### [TASK TO CARRY OUT]
Copy word for word the lines of the records below, beginning at the one with "Luego, estirar a" and finishing at the one with "室内外問わず使用でき、ゴルフのスイング練習だけでなく、お子様のおもちゃとしてもお使い頂けます。 | |", ends included, but none of the pictures.
..............................
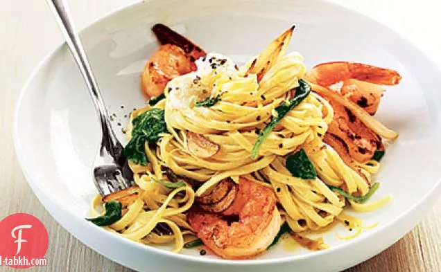 الروبيان ينجويني مع الريكوتا والشمر والسبانخ
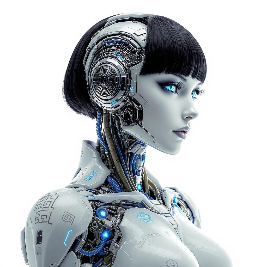 Hyperdetailed cyborg half body shot, feminine android with glossy white porcelain skin, sleek black bob haircut, hyper-realistic eyes with extended lashes, elaborate mechanical components in silver and chrome, vibrant blue LED accents and power circuits, intricate hydraulic tubes and biomechanical connections, semi-transparent white polymer armor with a shimmering iridescent effect, interactive holographic interface elements, ancient techno-hieroglyphics carved into armor plating, key lighting from a front-right angle, professional studio lighting, 8k resolution, octane render, hyper-realistic texturing, precision-engineered mechanical features, pristine white background, cyberpunk aesthetic, inspired by Japanese sci-fi art, ultra-sharp focus, ray-traced reflections on metallic surfaces, photorealistic skin textures merging with mechanical components unknown.
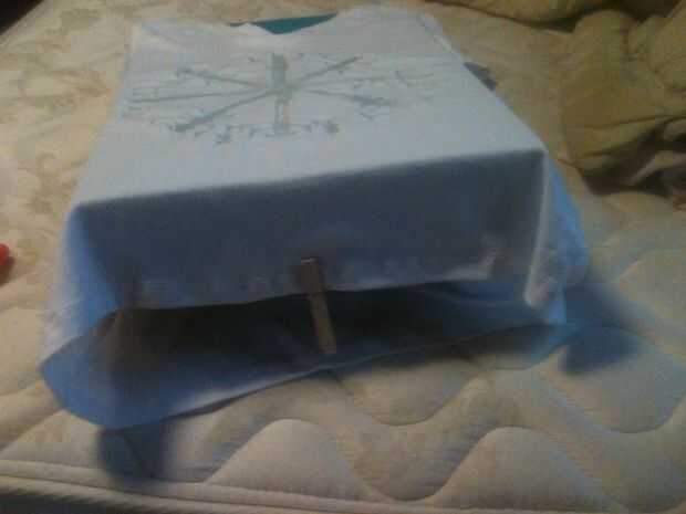 Luego, estirar a la tela sobre el tablero o caja y use alfileres de la ropa para sujetar enseñó para hacer más fácil para que usted pueda dibujar sobre su tela con pegamento.
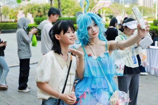 每个巡游点位均安排了30分钟的快闪活动:Coser们在巡游的过程中通过静态造型展示供游客拍照,邀请近距离合影互动等,让粉丝实现与英雄“贴贴”的愿望。来自广州的电竞爱好者邱先生举着合影照兴奋地表示:“特意和朋友来参加嘉年华,没想到逛个街,就能偶遇喜欢的英雄!”海口市民王先生也感慨道:“电竞氛围太火热了,能线下与喜欢的游戏英雄Coser合影,感觉游戏里的热血照进了现实!太开心了!”
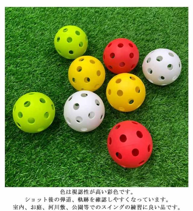 | 100個セット!練習用のゴルフボール 穴あきの軽量なプラスチック製なので、飛びすぎによる心配がありません。 色は視認性が高い彩色です。ショット後の弾道、軌跡を確認しやすくなっています。室内、お庭、河川敷、公園等でのスイングの練習に良い品です。 しっかりした打球音。ボールのスピンにより球筋が協調される穴あき構造。 野球では芯を捉える練習に最適です。 お得な100個セットなので練習中の紛失や破損も気にせず打ち込めます。 室内外問わず使用でき、ゴルフのスイング練習だけでなく、お子様のおもちゃとしてもお使い頂けます。 | |
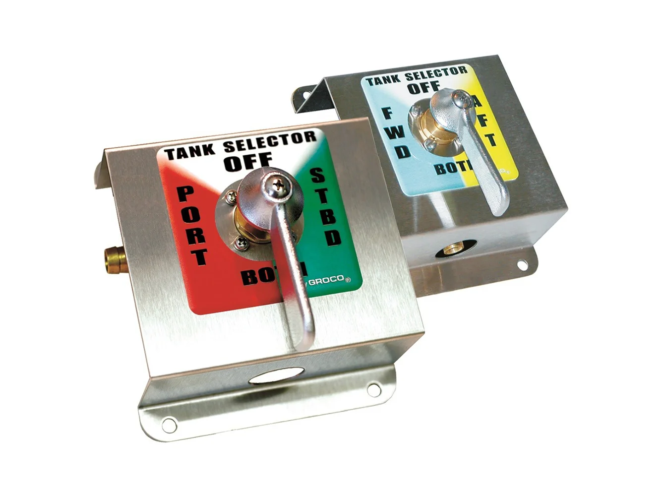 Two labels are provided to match your installation (port/ starboard or fore/aft). Handle can be relocated in 90-degree increments to align plumbing. (Tank selector is a single valve kit, photo is intended to show both labels and not to suggest part contains two valves.)
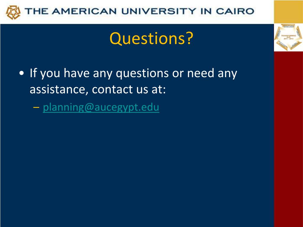 Questions? • If you have any questions or need any assistance, contact us at: • planning@aucegypt.edu
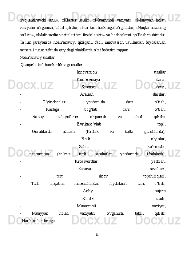 1.1. Savod oʻrgatishda mustaqil ishlarni tashkil qilish usullari ........................8-13
..............................
### [RESPONSE]
 Luego, estirar a la tela sobre el tablero o caja y use alfileres de la ropa para sujetar enseñó para hacer más fácil para que usted pueda dibujar sobre su tela con pegamento.
 每个巡游点位均安排了30分钟的快闪活动:Coser们在巡游的过程中通过静态造型展示供游客拍照,邀请近距离合影互动等,让粉丝实现与英雄“贴贴”的愿望。来自广州的电竞爱好者邱先生举着合影照兴奋地表示:“特意和朋友来参加嘉年华,没想到逛个街,就能偶遇喜欢的英雄!”海口市民王先生也感慨道:“电竞氛围太火热了,能线下与喜欢的游戏英雄Coser合影,感觉游戏里的热血照进了现实!太开心了!”
 | 100個セット!練習用のゴルフボール 穴あきの軽量なプラスチック製なので、飛びすぎによる心配がありません。 色は視認性が高い彩色です。ショット後の弾道、軌跡を確認しやすくなっています。室内、お庭、河川敷、公園等でのスイングの練習に良い品です。 しっかりした打球音。ボールのスピンにより球筋が協調される穴あき構造。 野球では芯を捉える練習に最適です。 お得な100個セットなので練習中の紛失や破損も気にせず打ち込めます。 室内外問わず使用でき、ゴルフのスイング練習だけでなく、お子様のおもちゃとしてもお使い頂けます。 | |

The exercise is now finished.